Endothelin (ET)-1, a peptide produced by vascular endothelial cells, is a potent vasoconstrictor that acts as a modulator of vasomotor tone, cell proliferation, and vascular remodeling.11–13 The biological actions of ET-1 are mediated by at least 2 different receptors: ET-A receptor (ET-A) and ET-B receptor (ET-B). The interaction of ET-1 with ET-A in vascular smooth muscle cells is primarily responsible for ET-1–mediated vasoconstriction, whereas endothelial cell expressing ET-B promotes vasodilation.14–16 ET-converting enzyme (ECE)-1 and ECE-2 are responsible for generating active ET-1.13

The ET-1 system has been implicated in the regulation and development of arterial stiffness.17,18 Our previous study demonstrated a reduction of aging-induced increase in plasma ET-1 concentration by aerobic exercise training in older humans.19 Thus, the exercise-mediated alteration in ET-1 may have a role in the physiological mechanism responsible for exercise-induced improvements in arterial stiffness. Although regular exercise is beneficial for the cardiovascular system, not all individuals may benefit equally from exercise.
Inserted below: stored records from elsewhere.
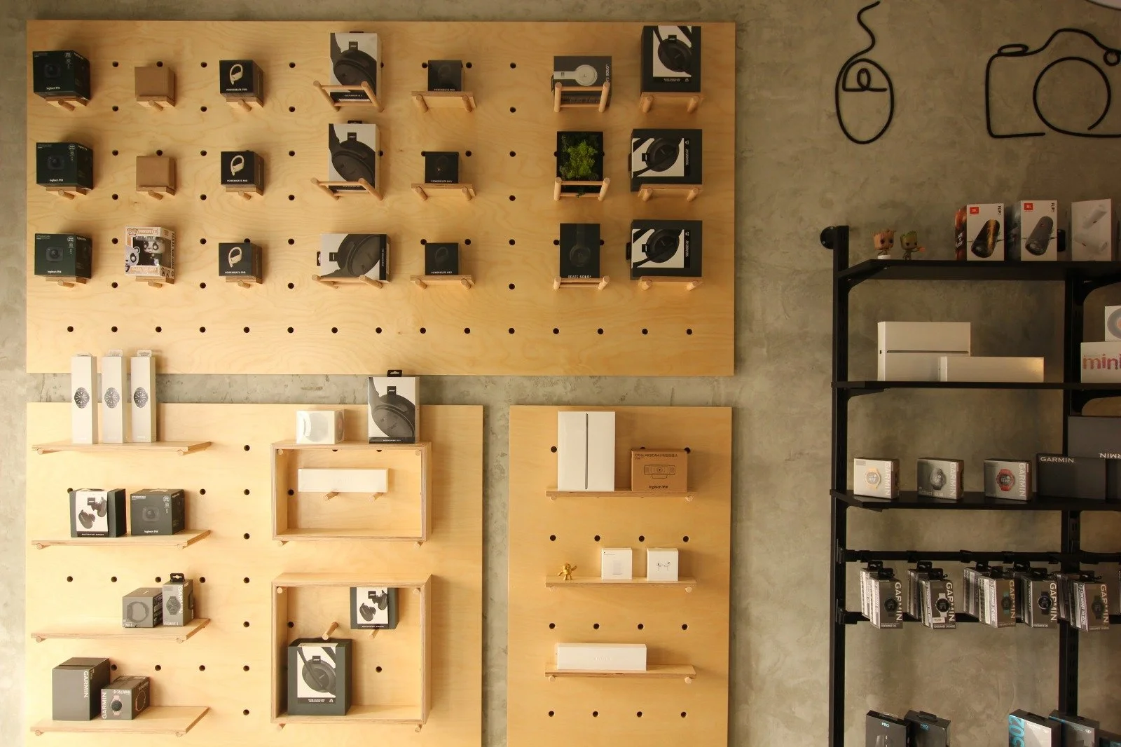 את קיר הדיספליי יצרנו מלוחות פג בורדס-לוחות עץ מחוררים
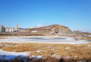 Маленькое, но древнее озеро у бухты Патрокл, прославившееся этим летом в интернете, увы не лотосами, а стекающей в него канализацией раньше было известно другими достоинствами – здесь плавали утки-мандаринки и даже прилетала цапля. Но одна вещь не изменилась после застройки района – это зимние забавы на льду озера.
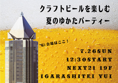 会場はNEXT21の19階にあります、五十嵐邸結さんです、最高のロケーションでゆかたを着て昼からスワンレイクビールで乾杯・・・想像しただけでも楽しい。
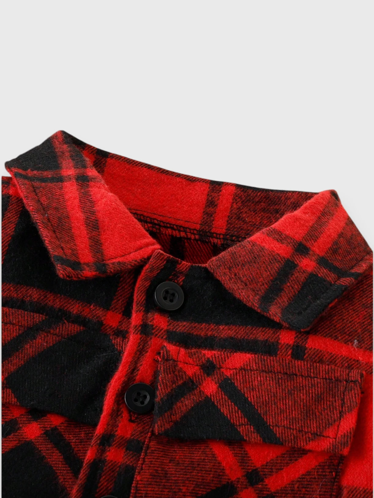 Dress your little one in timeless style with our 2-Piece Baby Boy Button-Up Plaid Shirt with Pant Set. This charming set includes a classic plaid button-up shirt paired with comfortable, coordinating pants. Perfect for special occasions, family gatherings, or everyday wear, this outfit offers both style and comfort, ensuring your baby boy looks his best no matter the occasion.
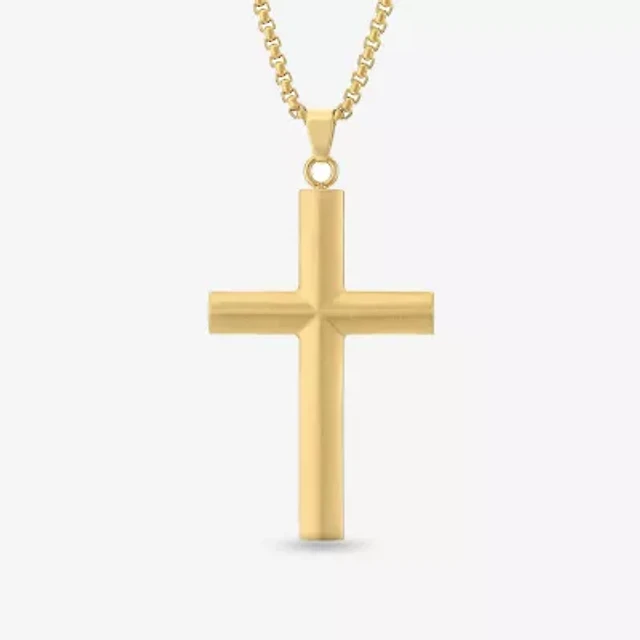 Mens Color-Enhanced Blue Diamond-Accent Black Ion-Plated Stainless Steel Cross Pendant Necklace

Recently, it has been reported that variations in the nucleotide sequence of both the coding and noncoding regions of genes in the different components of ET-1 system are associated with differential cardiovascular function (eg, blood pressure).20–23 However, the relationship between molecular variations in the nucleotide sequence of genes for ET-1 system and the regular exercise-induced arterial adaptation remains unclear. Because ET-1 system is implicated in the regulation and adaptation of arterial stiffness, we hypothesized that molecular variation in the nucleotide sequence of genes for ET-1 system might affect the exercise-induced reduction in arterial stiffness associated with age in human subjects. Thus, we examined whether polymorphisms in the ECE, ET-A, and ET-B genes, important genes for ET-1 system, affected the degree of change in arterial stiffness following exercise in middle-aged and older human subjects.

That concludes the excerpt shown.